When dealing with media processing, we need to also discuss and think about recording.

Dive deeper: Agora allows you to easily capture and record browser, audio, and video streams with our on-premise and cloud-based Recording extension.


When dealing with media processing, we need to also discuss and think about recording. Here’s what we’re going to do in this lesson: we’re going to understand how media recording works and we’re going to list the alternatives that are in front of us when we’re trying to record.  

Read the full transcript

Our focus is going to be on recording multi party sessions, sessions there where there are multiple participants. Remember what we’re doing using using an SFU architecture, selective forwarding unit, where each participant is sending his media towards the media server and the media server doesn’t mix or combine these inputs, but rather routes them around and forwards them to the other participants. So, each user is going to receive multiple video streams. Our goal is to get that data, get these streams from all participants, and send them towards a storage device or towards some kind of recording component.  

In general, there are three different server-side recording architectures or approaches that we can discuss.
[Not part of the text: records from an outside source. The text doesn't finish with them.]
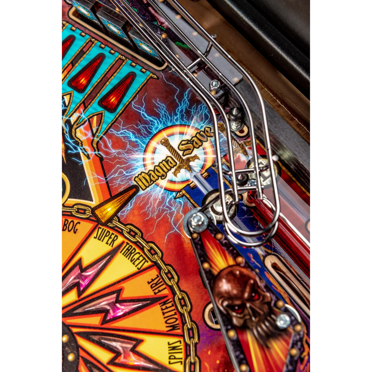 The model includes the distinct “Magna-Save”, a player-controlled magnet used to prevent a ball from draining, and timed resetting drop targets. In addition, Black Knight: Sword of Rage features a legacy sound package composed and performed by Scott Ian of Anthrax with Brendon Small, adrenalizing the audio experience for players on their journey, and custom speech by Ed Robertson of Barenaked Ladies.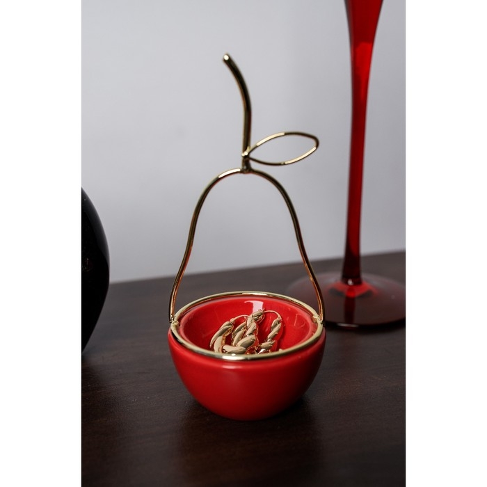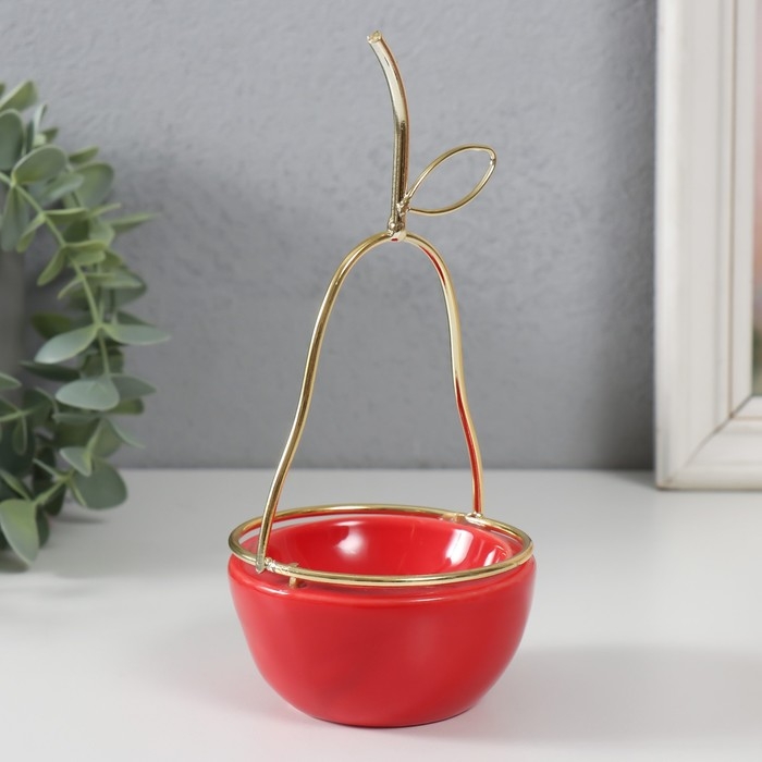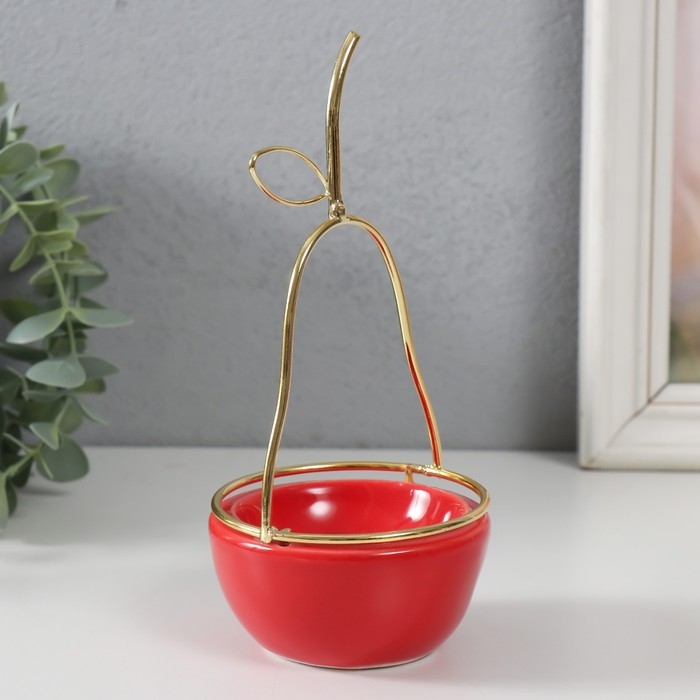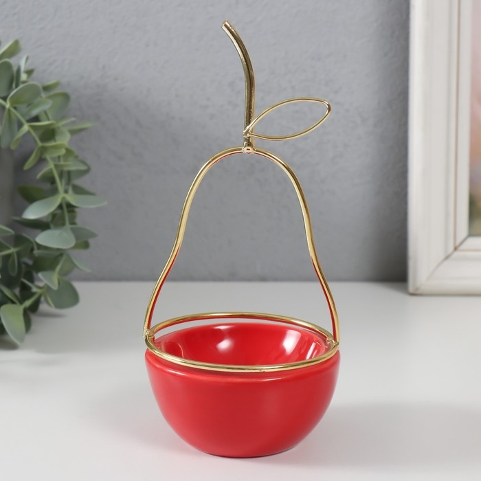 Сувенир керамика, металл подставка "Груша" красная с золотом 8х8х17 см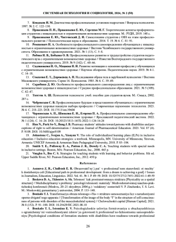 Ключевые фразы: профессиональные установки, профессиональный выбор, ПРОФЕССИОНАЛЬНО-ЛИЧНОСТНОЕ РАЗВИТИЕ, образ телесного я, обучающиеся с нарушениями опорно-двигательного аппарата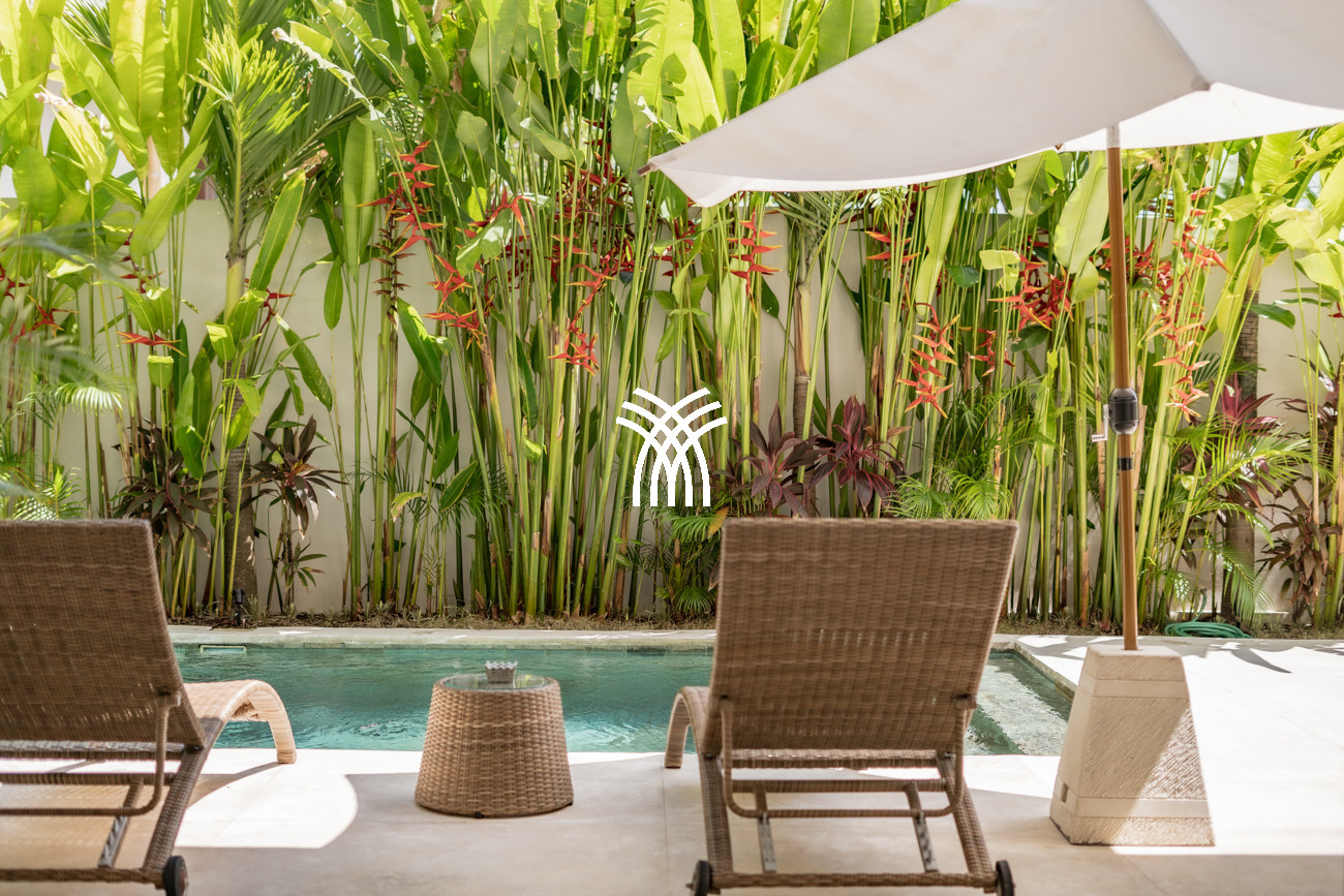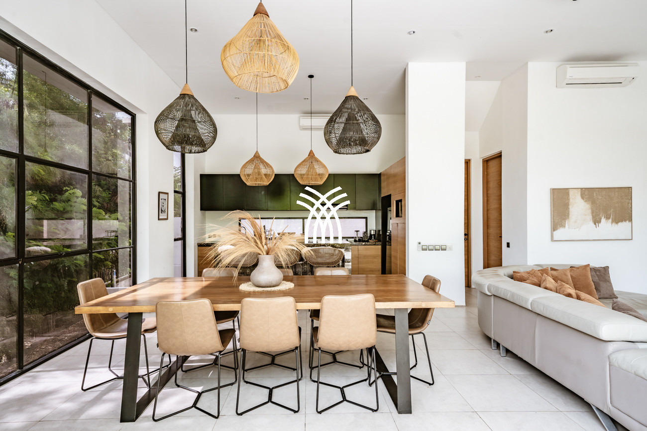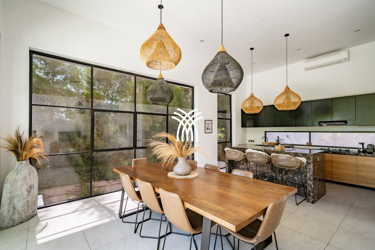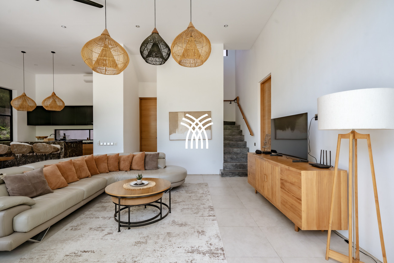 L'espace de vie ouvert se fond harmonieusement dans un jardin tropical luxuriant, où une piscine privée devient le point focal d'un cadre extérieur tranquille. Cette conception intérieure-extérieure harmonieuse invite à des matinées détendues, des après-midis ensoleillés et des soirées paisibles dans une atmosphère à la fois raffinée et accueillante.

There is multi-stream recording, similar to what you’ve seen just now in the diagram. Then there’s combined recording where (you) actually mix all of the information in inputs into a single video file and then record metadata as well. Let’s go one by one and see what they mean.  
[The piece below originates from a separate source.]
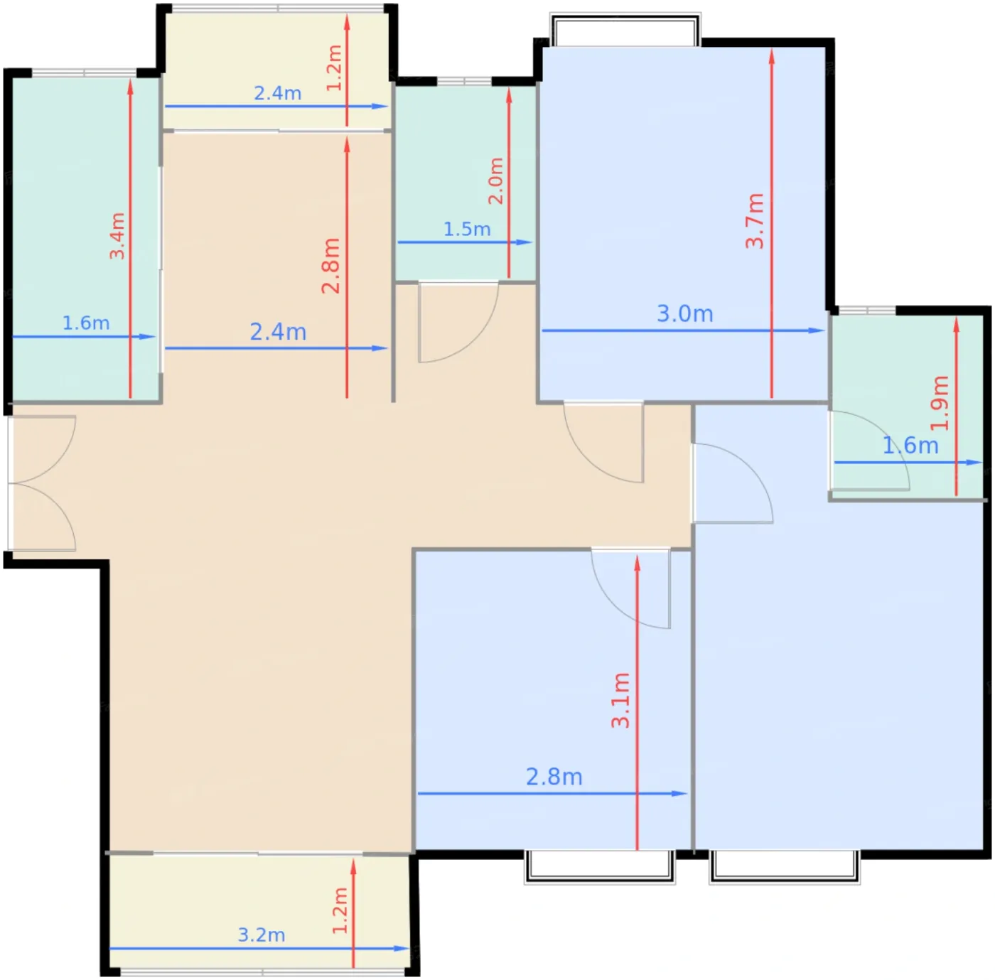 | 阳台B | 3.8 | 3.2 | 1.2 | 良好 |

When we talk about multi stream recording, I’m going to do the following. I’m going to record each stream separately. So, the forwarding unit, the media server is going to send the media that it has that it received the same way as it would to any other participant. If we record each stream separately, we’re not going to stream to mix the streams. Okay, we might mix the audio only that depends on what what to do or not to. And the result for that is going to be a low-cost recording. We’re not know any mixing—there is no processing happening in the backend besides storing the data that says a few the media server receives. So, the recording is going to be cheaper than anything else. The only problem here is that we’re going to have a kind of a poor playback experience, because we will need to either try to combine them before we play it back or we need to build a player for our own that can is capable of taking these multiple streams and then playing them back together automatically. The challenge there is to synchronize them in real time and handle all the things that we have headaches with, which is you know, bitrate available, packet loss and the other network issues. This type of a solution is good for governance needs. It means that we’re not going to use recordings much only when we need to go and look at a specific recording in a large list of archived files, say, one in 1000 files that were recorded is going to actually be played back. So, we’re not looking at massive playback scenarios here.  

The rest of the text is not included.